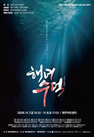 제주아트센터는 오는 7일 오후 7시 30분과 8일 오후 5시, 창작오페라 ‘해녀 수덕’을 무대에 올린다고 6일 밝혔다.제주오페라연구소와 제주아트센터가 공동으로 제작한 이번 작품은 ‘2025 지역대표 예술단체 지원사업’에 선정된 창작오페라다. 바다를 삶의 터전으로 삼은 해녀들의 신앙과 공동체, 그리고 모성의 이야기를 예술적으로 풀어냈다.‘해녀 수덕’은 해녀들이 겪는 생과 사의 경계, 고된 물질 속에서도 이어온 가족과 마을에 대한 사랑, 그리고 세대를 넘어 전해지는 해녀 정신을 오페라의 언어로 재해석한 작품이다.이야기는 바닷가 마을의
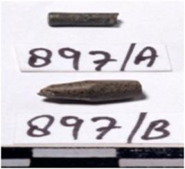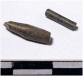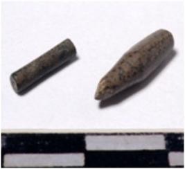 | Description / विवरण | A fragment of a stone drill bit circular in section broken from both end of smooth surface. |
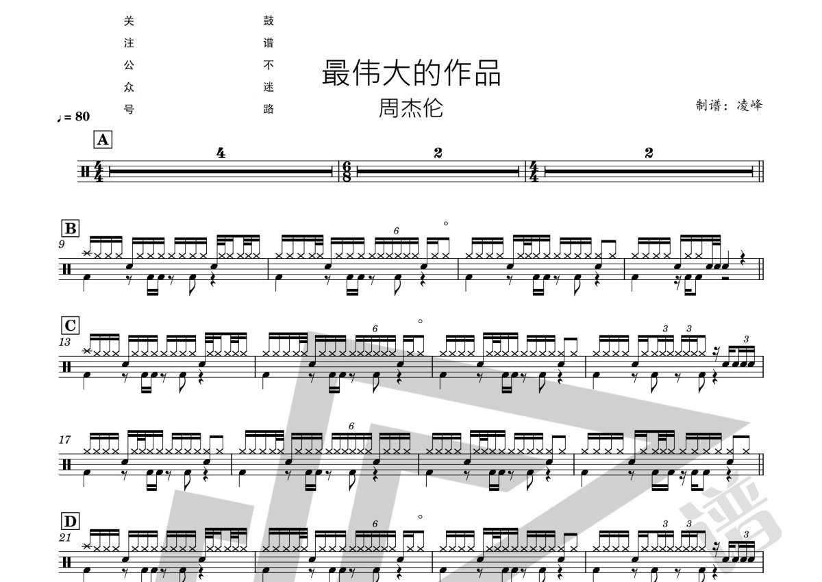 《最伟大的作品》是周杰伦演唱的一首歌曲,这份鼓谱共有两张高清图谱,图谱由 @A YLF 编配上传,图谱使用五线谱编配,使用这份最伟大的作品架子鼓谱,你将能够轻松地敲打出这首周杰伦的最伟大的作品,快来尝试吧。周杰伦《最伟大的作品》架子鼓谱,凌峰制谱编配出品,共有2张高清图谱,免翻页排版设计。
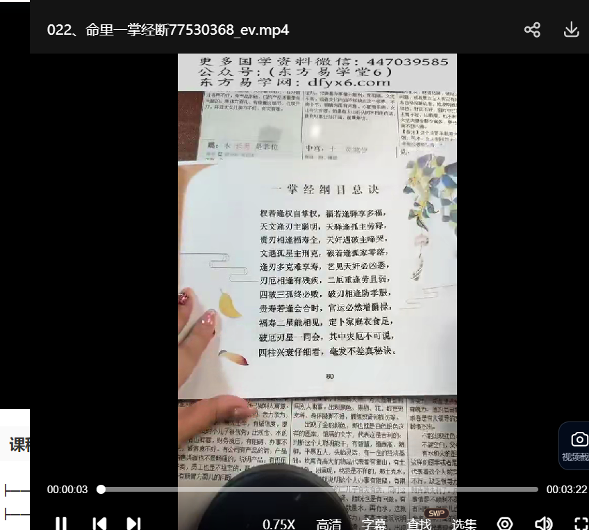 【道家文化工作室】孙真坤老师-一掌经课程视频39集,有干货,涵盖了一掌经直断、命理分析、行业选择、发展方向、家居风水等多个方面的内容。每集几分钟不等。
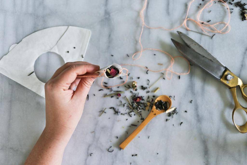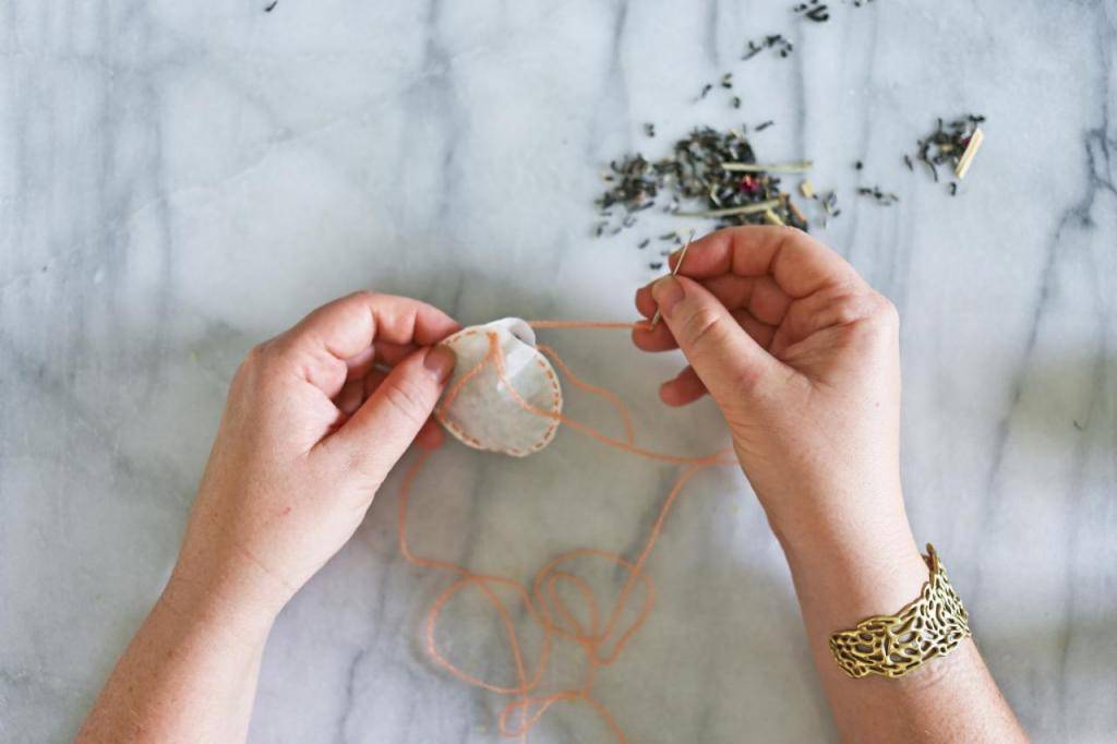 На этом этапе работы следует заполнить пакетик листовым чаем или чаем с добавлением листьев мяты, ромашки, липы, кусочков лимона или имбиря.
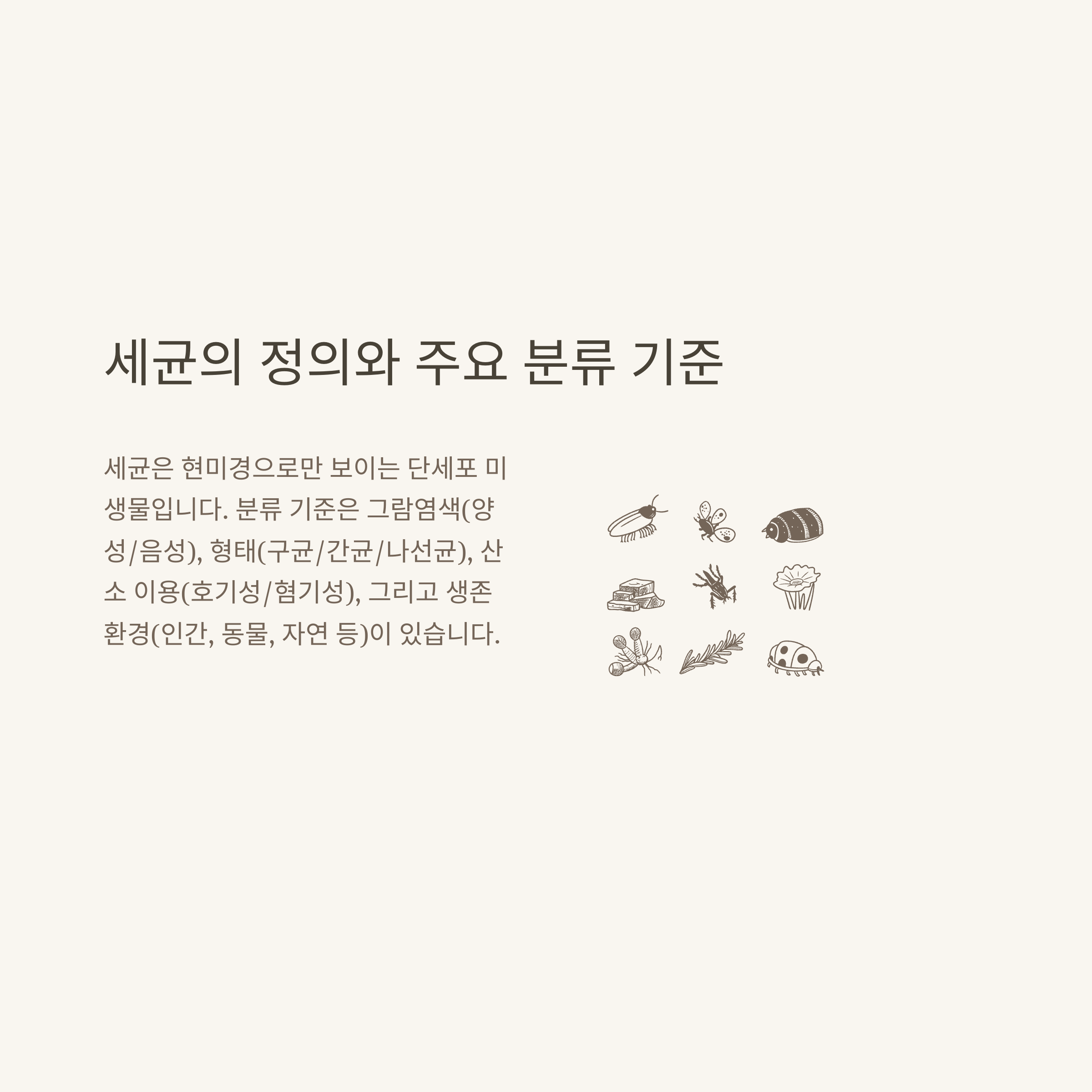 - 구균(동그란 모양), 간균(막대 모양), 나선균 등 형태 분류
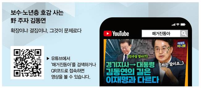 김 지사는 대선 출마 여부를 묻는 질문에 "(제가 아니라) 국민께서 결정하실 일"(동아일보 인터뷰)이라고 답했다. 데이터만 보면, 국민은 그에게 '양당 구조'에 얽매이지 않는 정치를 원하는 것처럼 보인다. 이에 반응하면서도 진영을 결집해야 하니 김 지사 처지에서는 난도가 지극히 높다. 보수·노년층의 호감을 사는 유일한 야당 대권주자가 고차방정식 앞에 놓였다.
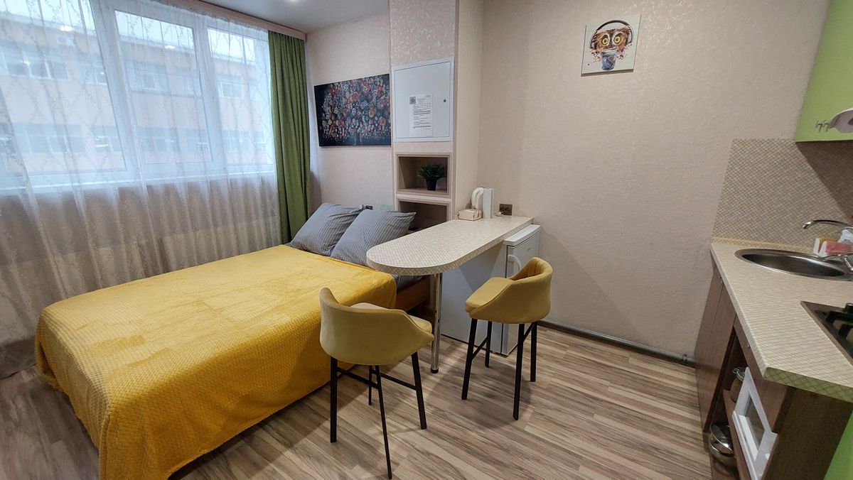 Сдаются теплые, уютные апартаменты-студия со всем необходимым для проживания. Есть вся инфраструктура(магазины, фитнес зал, бассейн,)Квартира расположена в 5 минутах от Ж/Д и Автовокзала! Общественная остановка во все направления города. Так же в пешей доступности все достопримечательности города! Двор закрывается на шлагбаум и находится под видеонаблюдением 24 часа. Квартира для проживания максимально 2 персон спальное место 1 двухспальная кровать 140×200 с ортопедическим матрасом.
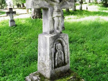 Stary , zabytkowy cmentarz greckokatolicki w Radrużu. Krzyże i figury nagrobne wykonane przez artystów - kamieniarzy ze Starego Brusna . Wsi nie ma , ludzi nie (Radruż)
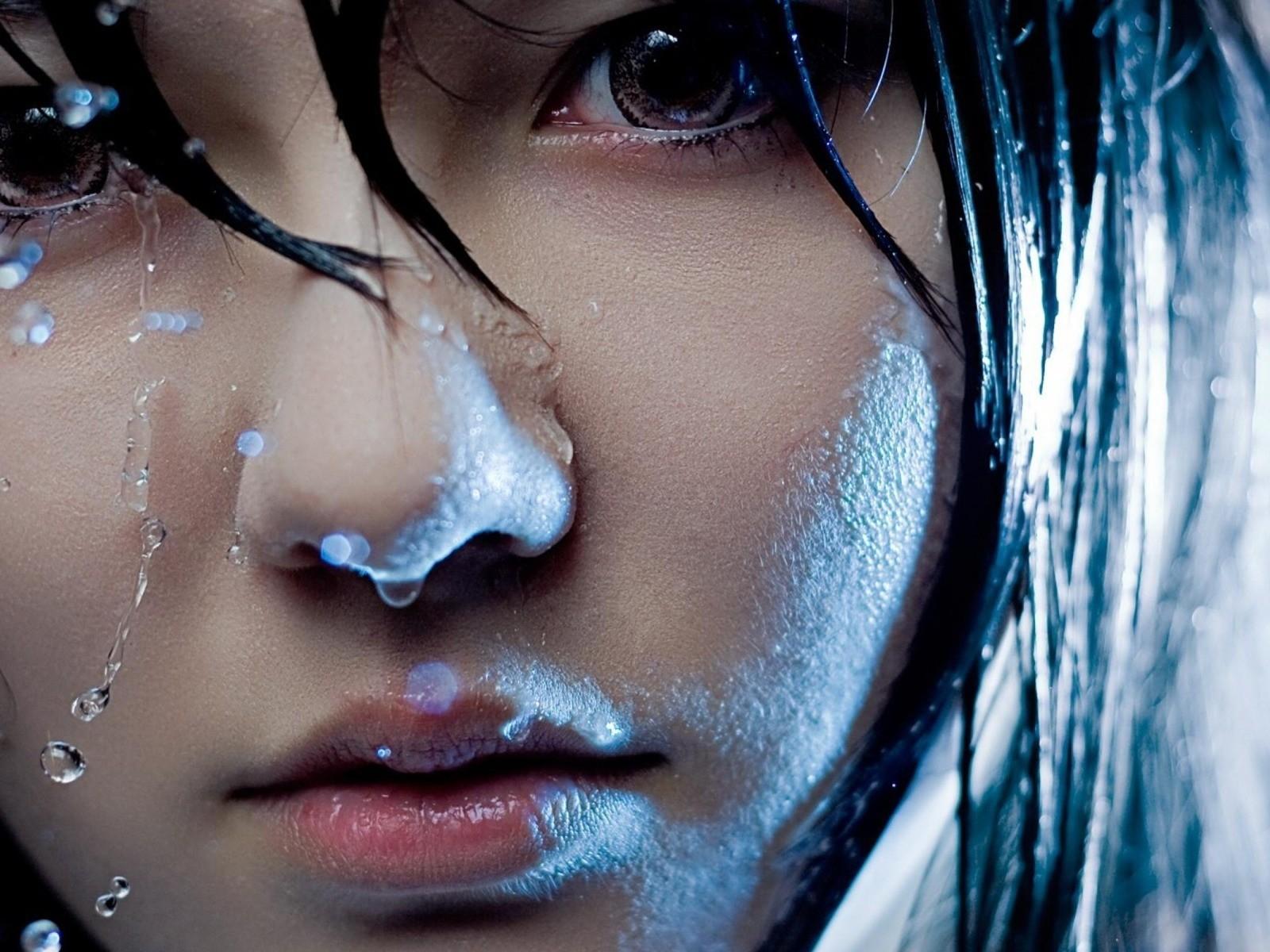 Обои Лицо с каплями дождя
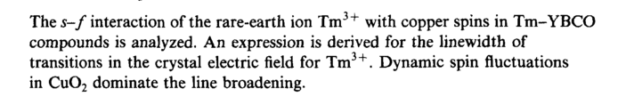 The sf interaction of the rare-earth ion Tm + with copper spins in Tm-YBCO compounds is analyzed. An expression is derived for the linewidth of transitions in the crystal electric field for Tm3+. Dynamic spin fluctuations in Cu02 dominate the line broadening.
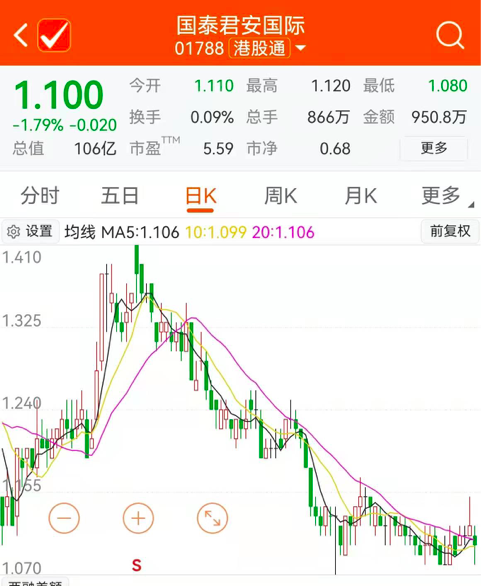 国泰君安国际今日报收1.1港元,总市值为106亿港元,今年来出现了一路下行的走势。2010年上市后,曾有过5.33港元的历史高点。
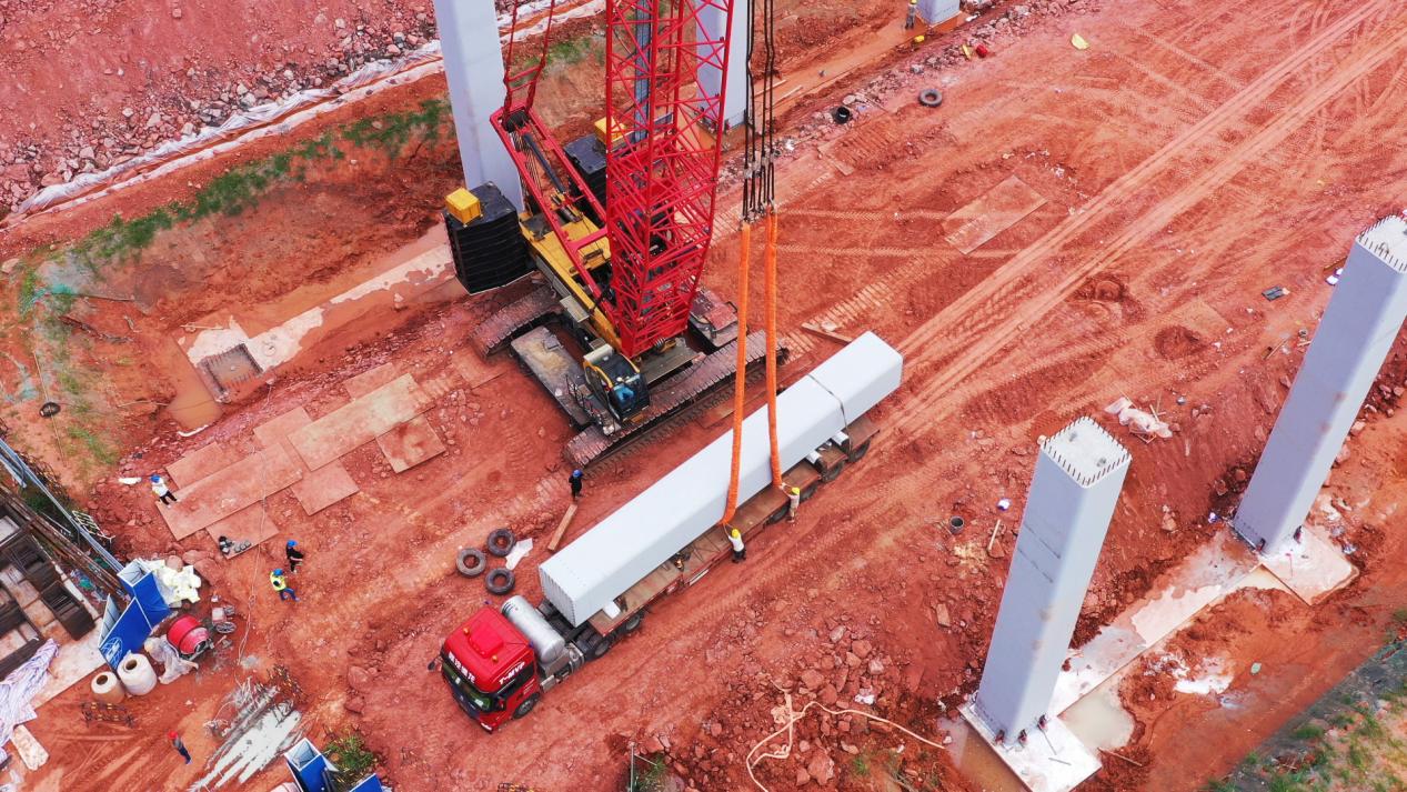 区别于传统桥梁施工工艺,预制拼装施工技术中,每根立柱吊装精度都必须控制在2毫米以内,对施工设备精度和稳定性提出了更高的要求。因此,在设备甄选这方面把控变得非常严格,经过多方考量,最终好体育投注网站SCC2800A履带式起重机脱颖而出。

__________________________________________________

### What you need to do:
Copy the listing in full and without alteration, omitting every picture.

### Written reply:
 제주아트센터는 오는 7일 오후 7시 30분과 8일 오후 5시, 창작오페라 ‘해녀 수덕’을 무대에 올린다고 6일 밝혔다.제주오페라연구소와 제주아트센터가 공동으로 제작한 이번 작품은 ‘2025 지역대표 예술단체 지원사업’에 선정된 창작오페라다. 바다를 삶의 터전으로 삼은 해녀들의 신앙과 공동체, 그리고 모성의 이야기를 예술적으로 풀어냈다.‘해녀 수덕’은 해녀들이 겪는 생과 사의 경계, 고된 물질 속에서도 이어온 가족과 마을에 대한 사랑, 그리고 세대를 넘어 전해지는 해녀 정신을 오페라의 언어로 재해석한 작품이다.이야기는 바닷가 마을의
 | Description / विवरण | A fragment of a stone drill bit circular in section broken from both end of smooth surface. |
 《最伟大的作品》是周杰伦演唱的一首歌曲,这份鼓谱共有两张高清图谱,图谱由 @A YLF 编配上传,图谱使用五线谱编配,使用这份最伟大的作品架子鼓谱,你将能够轻松地敲打出这首周杰伦的最伟大的作品,快来尝试吧。周杰伦《最伟大的作品》架子鼓谱,凌峰制谱编配出品,共有2张高清图谱,免翻页排版设计。
 【道家文化工作室】孙真坤老师-一掌经课程视频39集,有干货,涵盖了一掌经直断、命理分析、行业选择、发展方向、家居风水等多个方面的内容。每集几分钟不等。
 На этом этапе работы следует заполнить пакетик листовым чаем или чаем с добавлением листьев мяты, ромашки, липы, кусочков лимона или имбиря.
 - 구균(동그란 모양), 간균(막대 모양), 나선균 등 형태 분류
 김 지사는 대선 출마 여부를 묻는 질문에 "(제가 아니라) 국민께서 결정하실 일"(동아일보 인터뷰)이라고 답했다. 데이터만 보면, 국민은 그에게 '양당 구조'에 얽매이지 않는 정치를 원하는 것처럼 보인다. 이에 반응하면서도 진영을 결집해야 하니 김 지사 처지에서는 난도가 지극히 높다. 보수·노년층의 호감을 사는 유일한 야당 대권주자가 고차방정식 앞에 놓였다.
 Сдаются теплые, уютные апартаменты-студия со всем необходимым для проживания. Есть вся инфраструктура(магазины, фитнес зал, бассейн,)Квартира расположена в 5 минутах от Ж/Д и Автовокзала! Общественная остановка во все направления города. Так же в пешей доступности все достопримечательности города! Двор закрывается на шлагбаум и находится под видеонаблюдением 24 часа. Квартира для проживания максимально 2 персон спальное место 1 двухспальная кровать 140×200 с ортопедическим матрасом.
 Stary , zabytkowy cmentarz greckokatolicki w Radrużu. Krzyże i figury nagrobne wykonane przez artystów - kamieniarzy ze Starego Brusna . Wsi nie ma , ludzi nie (Radruż)
 Обои Лицо с каплями дождя
 The sf interaction of the rare-earth ion Tm + with copper spins in Tm-YBCO compounds is analyzed. An expression is derived for the linewidth of transitions in the crystal electric field for Tm3+. Dynamic spin fluctuations in Cu02 dominate the line broadening.
 国泰君安国际今日报收1.1港元,总市值为106亿港元,今年来出现了一路下行的走势。2010年上市后,曾有过5.33港元的历史高点。
 区别于传统桥梁施工工艺,预制拼装施工技术中,每根立柱吊装精度都必须控制在2毫米以内,对施工设备精度和稳定性提出了更高的要求。因此,在设备甄选这方面把控变得非常严格,经过多方考量,最终好体育投注网站SCC2800A履带式起重机脱颖而出。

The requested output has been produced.